Archives of the Diseases of Childhood
98 [2013]: 526–32) showed that C-section was a risk factor overall, but when they controlled for excessive maternal weight it dropped out. Similarly in our ALSPAC study (J. Blustein et al.), nearly all of the risk was in babies born of mothers who already were overweight. There are many potential explanations for this; one is that the overweight mothers already have a depleted microbiota and C-section adds to the problem in the next generation. In Brazil, where in 2009 the C-section rate went above 50 percent, meaning that more than half the 3 million births in that country were by C-section, two studies showed different results. H. A. S. Goldani et al. (“Cesarean delivery is associated with an increased risk of obesity in adulthood in a Brazilian birth cohort study,”
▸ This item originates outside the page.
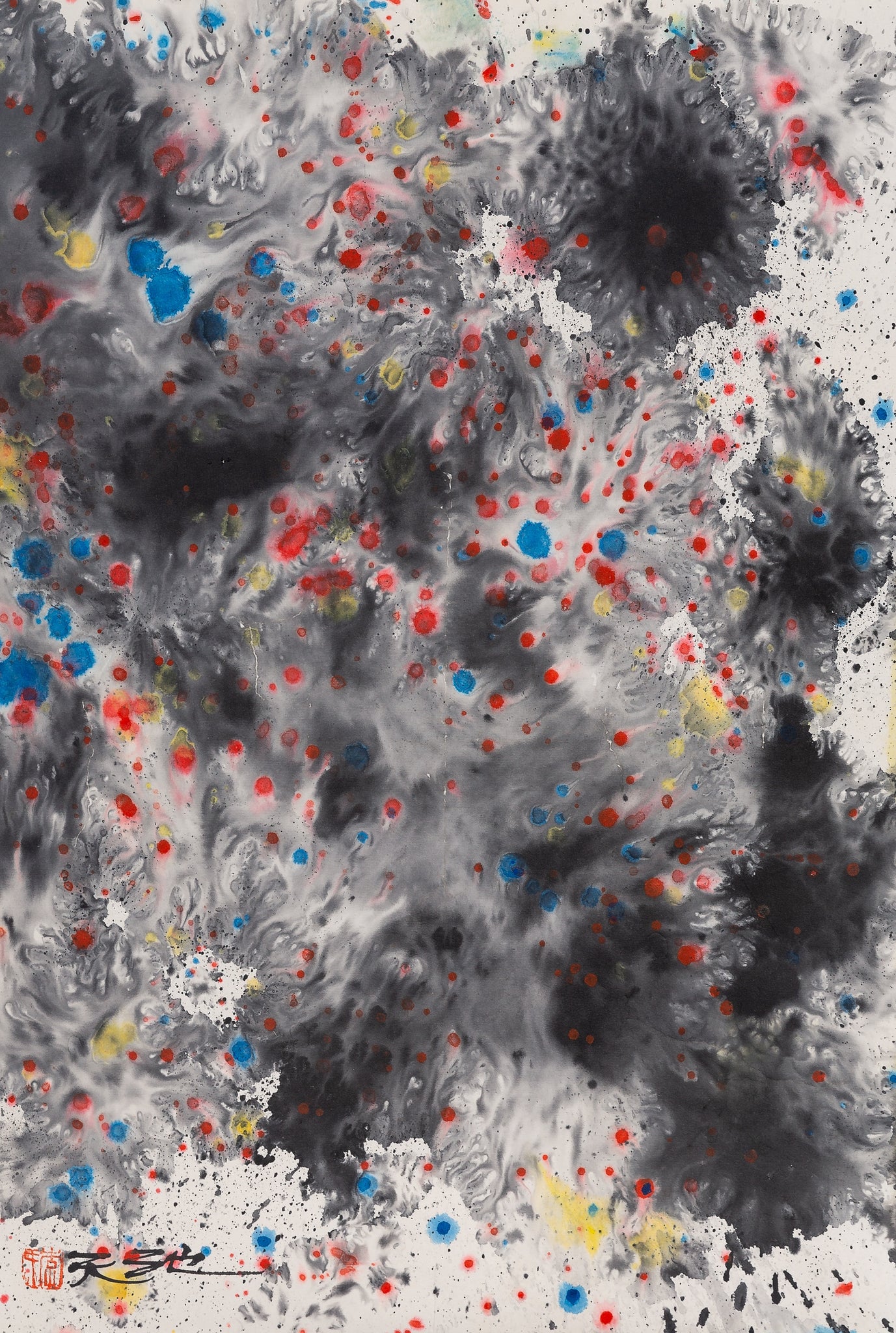 Li Tianchi fuses modern abstraction with the traditional medium of ink and color on paper, pushing the boundaries of form while retaining the essence of spontaneity found in classical Chinese literati painting. The composition may allude to flora and fauna not through literal depiction, but through gestural motion and chromatic rhythm, aligning with contemporary East Asian ink experimentation.

American Journal of Clinical Nutrition
93 [2011]: 1344–47), studying a 1978 birth cohort twenty-three to twenty-five years later, found about a 50 percent increase in obesity in C-section babies that could not be explained by other factors. But F. C. Barros et al. (“Cesarean section and risk of obesity in childhood, adolescence, and early adulthood: evidence from 3 Brazilian birth cohorts,”
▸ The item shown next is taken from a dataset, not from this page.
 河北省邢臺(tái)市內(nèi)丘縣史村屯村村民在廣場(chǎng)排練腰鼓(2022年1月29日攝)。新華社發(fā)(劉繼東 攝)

American Journal of Clinical Nutrition
95 [2012]: 465–70), studying three later birth cohorts, showed effects in the same direction, but they were not statistically significant. The authors discussed unaccounted confounding factors in their study. However, in a later study by the same authors (B. L. Horta et al., “Birth by Caesarean Section and Prevalence of Risk Factors for Non-Communicable Diseases in Young Adults: A Birth Cohort Study,”
PLOS ONE
8 [2013]: e74301), a follow-up of the 1982 birth cohort to the time of their entrance exam into the army at age eighteen (and with follow-up to age twenty-three), they found that C-section was associated with increased body mass index (BMI), amount of body fat, and also systolic blood pressure.